The process of seismic risk and geohazard evaluation requires a robust ground model based on detailed and reliable understanding of stratigraphy and structure to evaluate risks such as liquefaction. To achieve this, companies such as Fugro combine land and marine surveys, as well as drilling and associated downhole testing with surface geophysical methods such as seismic reflection. Gareth Ellery of Cathie Associates adds: Of course, there are instances where geotechnical data is not acquired, such as for temporary works or wet storage at seabed. In these cases, as consultants, we often have to work with relic data or public domain information, which is not sitespecific. The risks in these cases are consequently higher. OFFSHORE ENVIRONMENT There are numerous differences between offshore and onshore geotechnical works, starting with the obvious the presence of water and its influence. Another given is the potential for challenging weather conditions offshore, which will undoubtedly affect the investigation and installation processes. When I first moved to the offshore industry over 10 years ago, the contrast with onshore was stark, Ellery comments. Everything is at least 10 times more expensive and the complexities of dealing with the harsh marine environment are demanding. Offshore site investigation consequently requires a great deal more planning and a real bespoke focus on the design of the survey campaign to ensure that the correct type, quantity and quality of data is acquired. In addition, contractors have to deal with the remoteness of work sites and the challenging soil types encountered offshore. Production rates are affected by tides, currents, sea state and wind speed. In addition, offshore investigations need to be more self-sufficient as vessels are not easily accessible when onsite. It means that any necessary repairs must be completed offshore, stock levels of spare parts must be carefully monitored, and crew members must be extra vigilant of their health and wellbeing, says Brian Bell, offshore geotechnical business unit manager at Fugro Geoservices. Santos and Impey add: The remoteness and environment of the sites mean that geotechnical teams will be permanently mobilised on the vessel and, given the costs associated, it is often more effective to operate 24/7, having two teams working on 12-hour shifts.

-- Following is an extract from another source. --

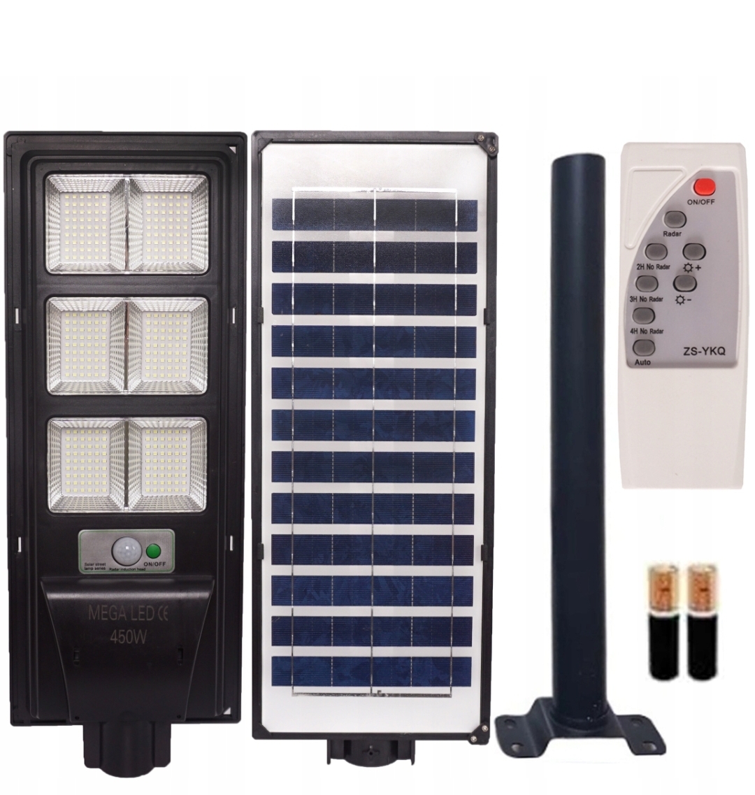 ZEROWY KOSZT UTRZYMANIACałoroczna lampa solarna, doskonale nadaje się do oświetlenia ulic, posesji, ogrodów, bram wjazdowych, parkingów i placów. Sprawdzi się doskonale jako oświetlenie podnoszące bezpieczeństwo, bez konieczności stosowania dodatkowego źródła energii elektrycznej i jest całkowicie darmowa w eksploatacji.CZUJNIK RUCHU I ZMIERZCHUDzięki wbudowanemu czujnikowi ruchu i zmierzchu będzie zapalać się np. w nocy gdy lampa wykryje zmierzch i ruch wokół siebie. Dzięki temu, nie musisz już pamiętać o włączaniu i wyłączaniu światła na zewnątrz. Lampa posiada specjalny uchwyt, który można regulować i dostosować do miejsca, gdzie ma padać światło.Dane Techniczne:Moc: 450WCzujnik zmierzchu: TAKCzujnik ruchu: TAKKlasa: IP68Żywotność: 50000h (LED)Kąt świecenia: 120°Kolor światła: 6000k (biały zimny)Temperatura pracy: -30 DO 60°C,Kolor: czarnyWysokość montażu: 3 ~ 6 MNie pobiera dodatkowej energii przy starcie: TAKCzas działania:ok. 12 godzin (Normalne użytkowanie)ok. 6 godzin (Ciągłe świecenie 100% jasności)ok. 20 godzin(świecenie w trybie gotowości [20% jasności])Czas ładowania:6-8 godzin na jasnym słońcu

Generally, a geotechnical engineer and a laboratory technician work on each shift. Their main function is to evaluate sample and testing quality and provide feedback to the drilling team to adjust the drilling settings, maximising quality and data coverage. Soil conditions, in turn, can become trickier the further you move away from the shore. Santos and Impey explain that there is less energy available in the environment to transport sediment, therefore soft soils are generally encountered as water depth increases. Safe, efficient and economical foundation solutions in soft soils are quite challenging and require accurate determination of geotechnical parameters. Therefore, geotechnical investigations of soft soils require special sampling and testing techniques in order to preserve the soil integrity and obtain representative geotechnical results. Quantification and documentation of sample quality and reporting on geotechnical results uncertainty is fundamental for the design team, they say. THE SET-UP When it comes to the vessels or platforms and equipment used on offshore investigations, a primary consideration is naturally water depth. Bell expounds: Set-ups depend on the scale and complexity of the project along with the operational environment. Jack-up platforms are deployed in water depths of 0-40m and vessels in water depths of 15-3,000m or more. Ellery comments: On shallow continental-shelf seas, anchored vessels may be suitable but dynamically positioned vessels can be substantially more efficient and weather-robust. The selection of the vessel is obviously project-specific and dependent on the local supply chain and availability. Typical set-ups comprise drill-string deployment through a centrally positioned moonpool, although there is a great deal of variability in the market from cantilevered drill decks on the side of vessels of opportunity to seabed-based, remotely operated drilling systems, Ellery adds. The set-up typically also includes equipment for testing and sampling different soil and rock types. This could include cone-penetration testing (CPT) tools, push/hammer samplers and coring equipment. Fugro states that it can also complement this with other geotechnical and geophysical tools such as high pressure dilatometer (HPD) tests and wireline logging spreads. Vessels are routinely equipped with laboratories to log and test soil samples as well as provide quality control (QC) of results in the field, says Bell.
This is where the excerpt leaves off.